Although the two trusts have similar portfolios, Pigit has suffered from holding more in smaller companies (8pc versus 4.9pc for Edinburgh), which have generally struggled against the uncertainty generated by the EU referendum.
By contrast, Edinburgh has benefited from having slightly more in FTSE 100 blue chips (51pc versus Pigit’s 46.6pc) and overseas stocks (16pc versus 12.5pc), which have done well from the weak pound swelling their foreign earnings.
Edinburgh’s fees are also lower. Having dropped its performance fee three years ago, it levies a competitive annual “ongoing” charge of 0.61pc of net assets. Pigit charges 0.65pc but adds a 0.5pc performance fee if it beats the FTSE All Share.
Both trusts have been hit by share price falls at BT and Capita, the outsourcing firm. More broadly, the funds have been dragged down by investors’ move away from the defensive, high-quality income stocks Mr Barnett favours towards stocks more exposed to the economy.

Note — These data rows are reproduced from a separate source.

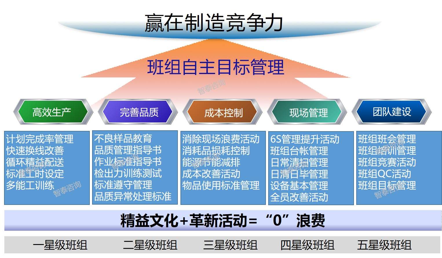以班組自主管理為目標(biāo),為企業(yè)培養(yǎng)優(yōu)秀班組團(tuán)隊(duì)。通過(guò)質(zhì)量、品質(zhì)、成本等先進(jìn)管理方法,提升企業(yè)競(jìng)爭(zhēng)力!
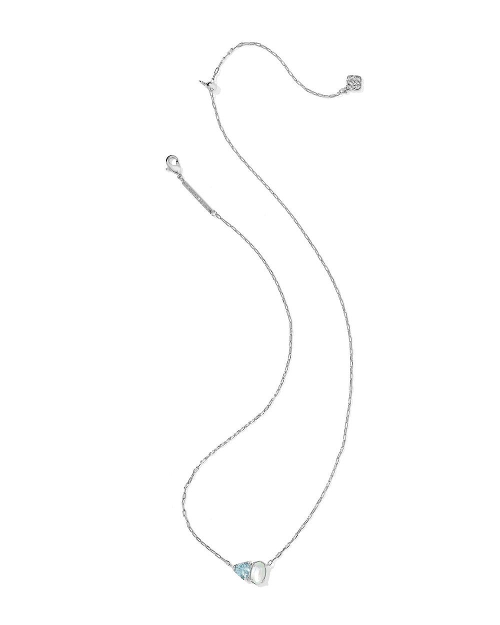 The Tatum Short Pendant Necklace reimagines the toi et moi aesthetic with the Kendra Scott signature Elisa silhouette and trillion-cut stone in March birthstone tones. Crafted on a delicate silver chain, this refined piece transitions seamlessly from daily wear to meaningful occasions.
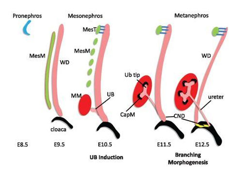Kidney development is a multistage process that begins in the anterior tract and then moves posteriorly [1]. First, the nephric duct forms (embryonic day 22 in humans) in the intermediate mesoderm inducing kidney development in three stages: the pronephros, the mesonephros, and the metanephros [1],[6] (Figure 2). The pronephros and mesonephros degenerate while the metanephros gives rise the mature kidneys via a series of divisions and branching, which can be detected at the fifth or sixth week of gestation. The ureteric bud arises as an outpouching from the nephric duct which becomes the ureter. By the eighth week of gestation the fetal kidneys will have ascended from the pelvis to the retroperitoneal fossa and rotated medially 90° [6].
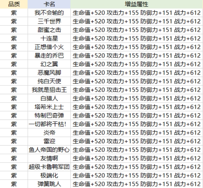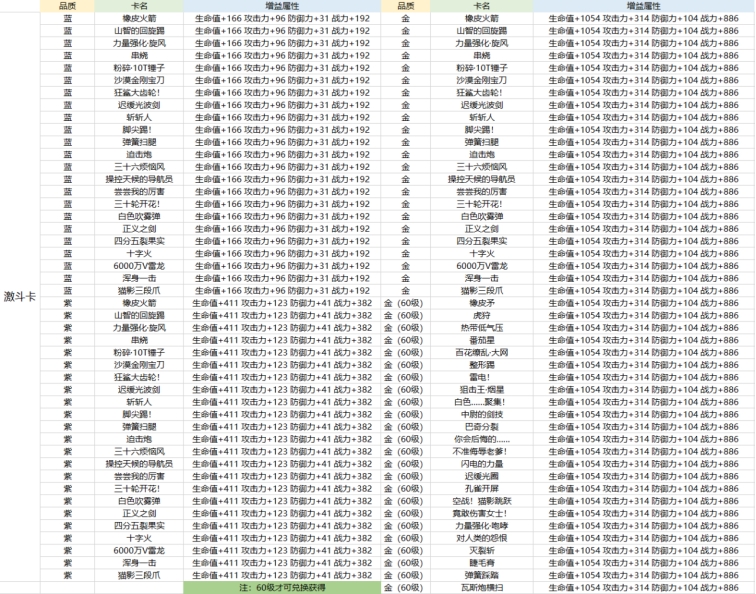 激斗卡同一个伙伴会有两种,不同的激斗卡所激活的技能是不同的,同时其属性增益也是不一样的。同一种激斗卡是根据品质(颜色)区分,从低到高为蓝色、紫色、金色,品质越高,属性和效果也就越强。(效果为附加技能特性)▶获得方式:勇者挑战(勇气商店),提升伙伴亲密度。▶详细数据:
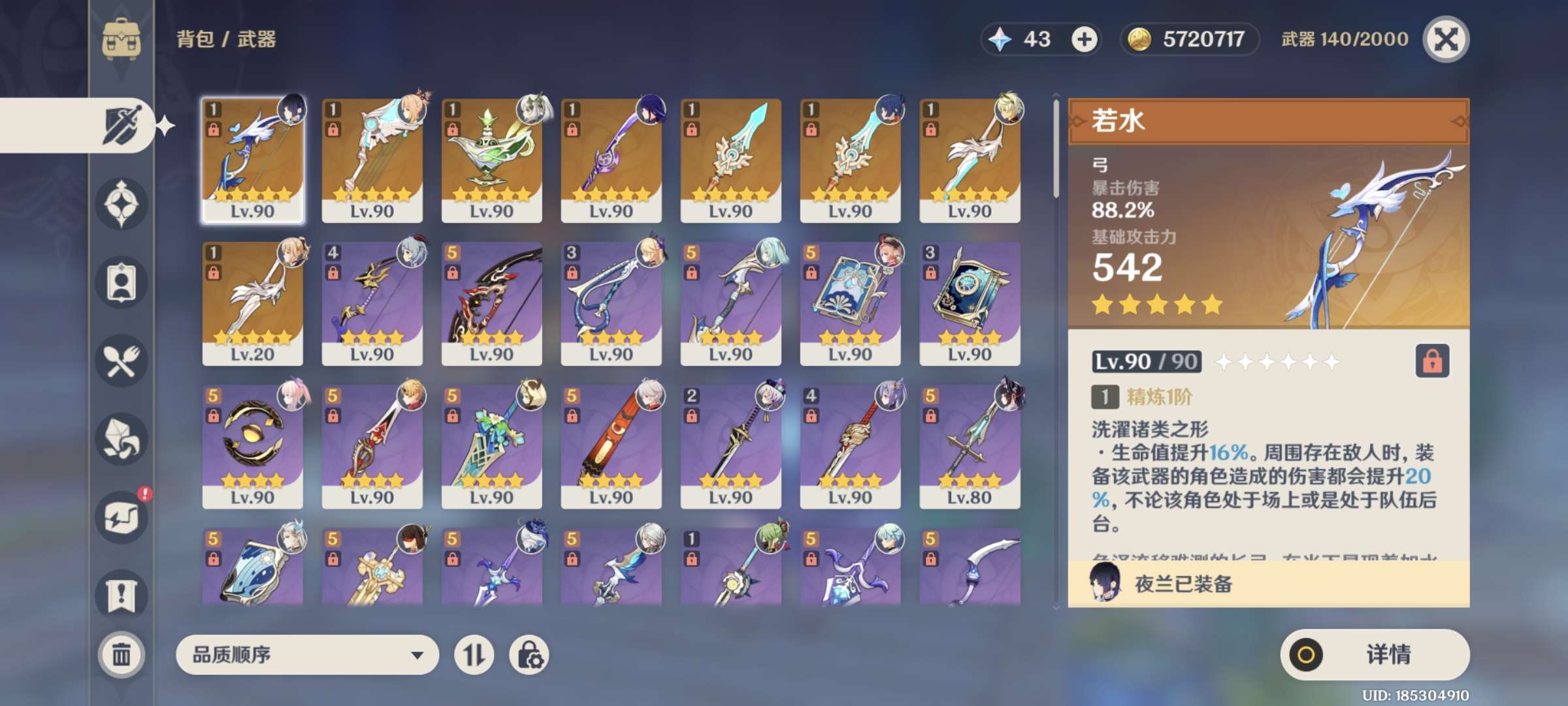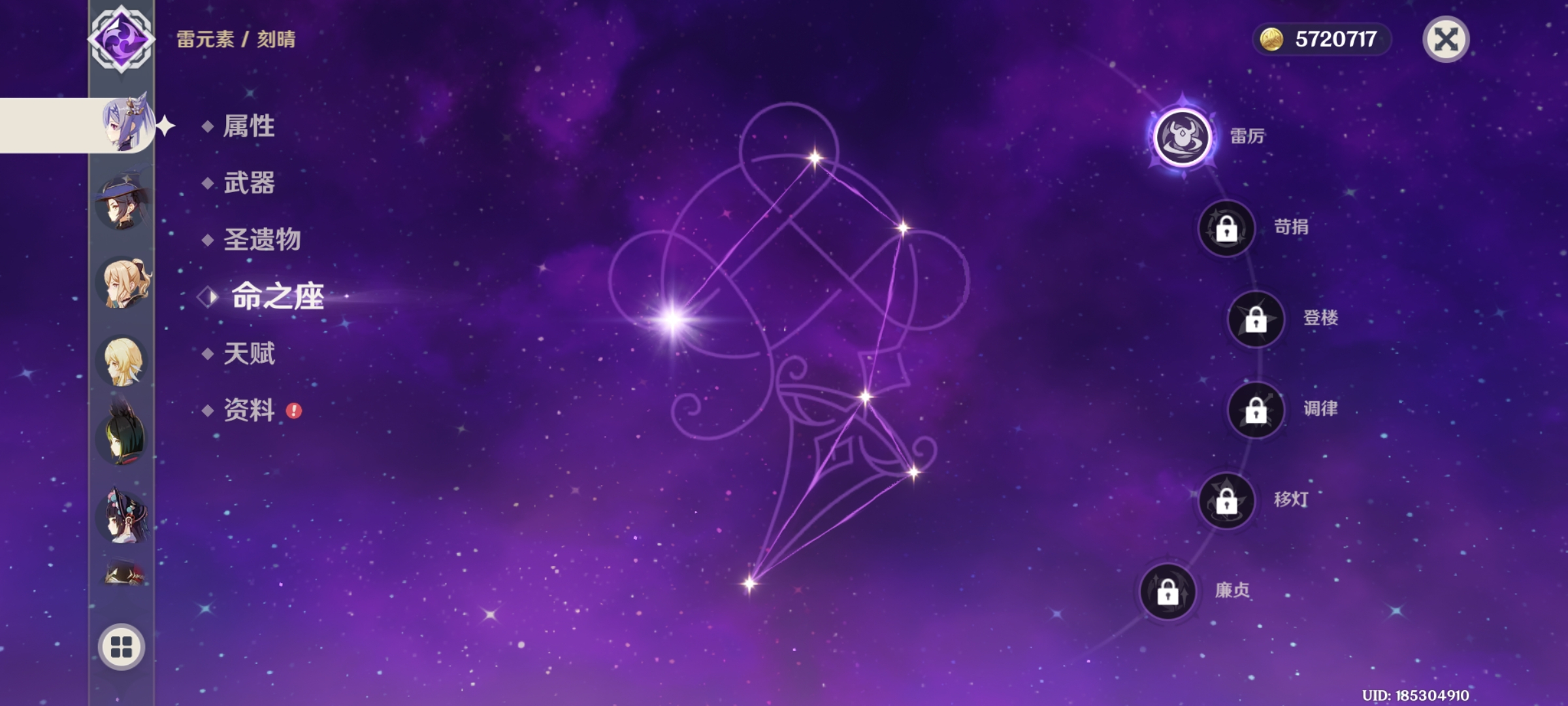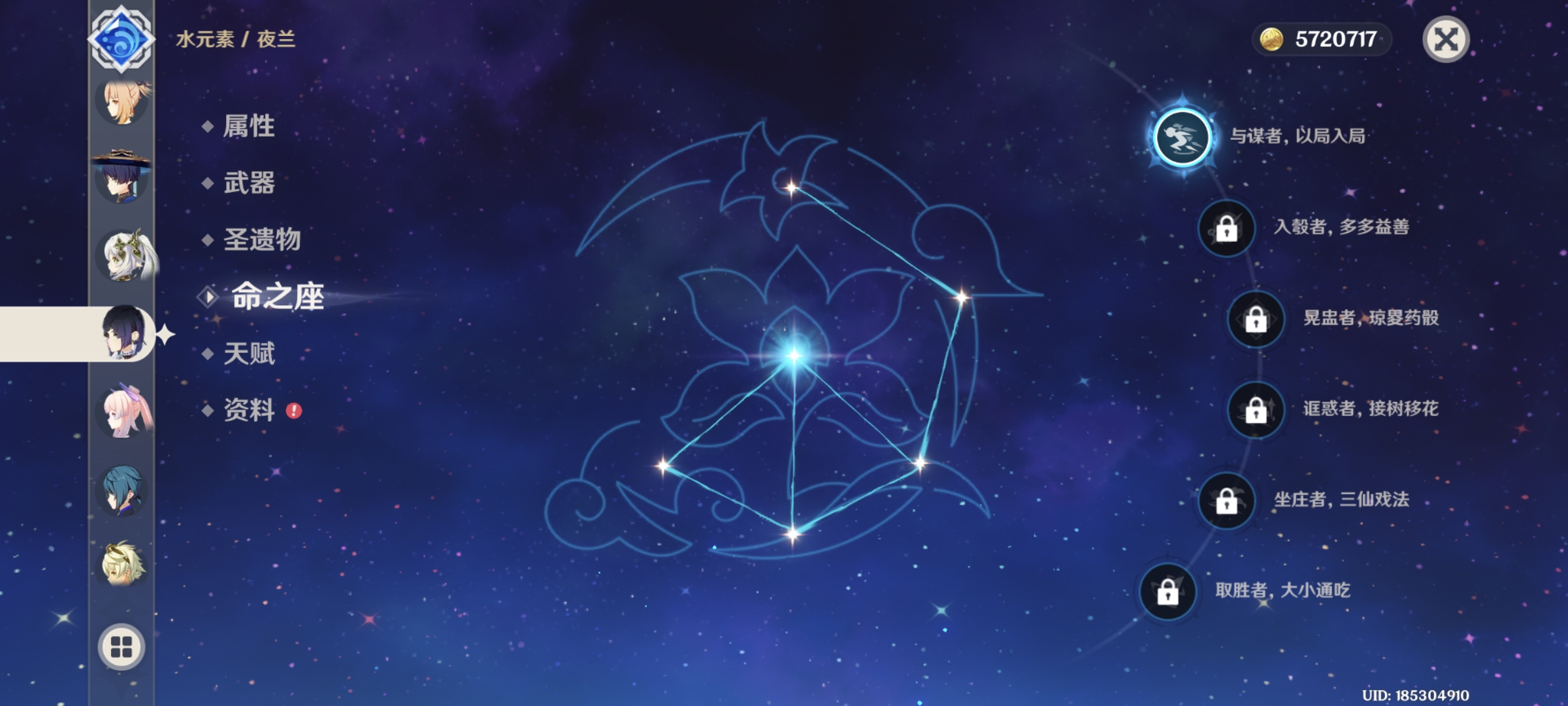 一命芙宁娜,1+1夜兰,0+1草神,0+1雷神,二命琴有龙王,钟离,仆人,流浪者,宵宫,珊瑚宫心海,

This cooling investor sentiment has seen their shares lag behind their NAV, which is the value of their investments minus debts.
Earlier this week Pigit shares traded at just over 373p, a 10pc discount on the 413.9p per share NAV estimated by Morningstar, the fund analyst. Edinburgh shares stood at 711p, 6.4pc below their estimated NAV of 760.9p.
On the face of it, Pigit looks more cheaply rated. However, its discount has averaged 6.5pc in the past 12 months. By comparison, Edinburgh’s discount is significantly wider than its 12-month average of 2.6pc, meaning it is relatively cheaper than its stablemate.